Tax incentives for exporters.
The ETI Exclusion
The ETI provisions exclude a portion of income earned from certain export sales. The most basic application of the Sec. 941(a)(1) ETI rules generates an exclusion of the greater of (1) 1.2% of gross receipts from export sales or (2) 15% of the net income from export sales. The result is a reduction in the tax rate applicable to income from export sales, in the range of 5%-10%.
The ETI exclusion applies to export sales of "qualifying foreign trade property," defined by Sec. 943(a)(1) as property manufactured, produced, grown or extracted that does not consist of foreign content exceeding 50% of its fair market value. Also, under Sec. 942(b) and (c), for entities with annual export sales in excess of $5 million, certain economic processes must occur outside the U.S. for gross receipts from export sales to qualify for the ETI exclusion.
An IC-DISC is a domestic corporation whose income is derived predominantly from export sales and rentals. The IC-DISC itself is not subject to income tax; however, the shareholders can be taxed on the IC-DISC's income on an actual or constructive distribution. The exporter (generally a closely held C corporation, an S corporation, limited liability company (LLC) or partnership) pays commissions to the IC-DISC, which is owned by the exporter's shareholders or partners.

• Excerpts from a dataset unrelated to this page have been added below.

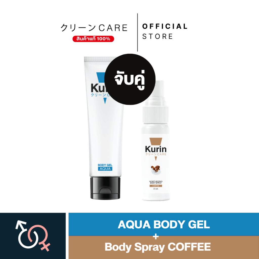 KURIN CARE AQUA BODY GEL เจลหล่อลื่น สูตรน้ำ ขนาด 100 ml และ BODY SPRAY COFFEE สเปรย์ฉีดบำรุงผิวกาย ขนาด 25 ml.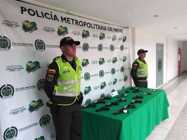 En una acción policial realizada por miembros de la Policía Metropolitana de Neiva, se logró incautar y sacar de circulación de las calles de la ciudad, un total de 16 armas de fogueo y neumáticas.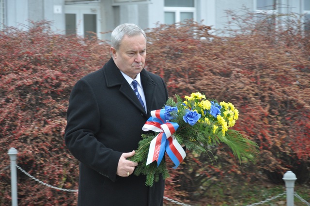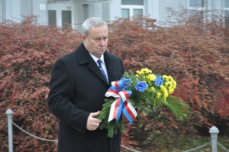 Starosta Miroslav Pišťák pokládá květinu k pietnímu místu

Because dividend distributions to a C shareholder are taxed at normal corporate tax rates, the double tax attributable to IC-DISC earnings results in a combined corporate and individual tax rate on IC-DISC taxable distributions of approximately 43.9% (0.34 + ((1-0.34) X (1.15)). Alternatively, when an IC-DISC; is owned directly by individuals, the company's income permanently avoids corporate taxation. Besides avoiding corporate level tax, dividend distributions to individual IC DISC shareholders will generally be subject to tax at the current 15% rate, provided the Sec. 1 (h) requirements are satisfied.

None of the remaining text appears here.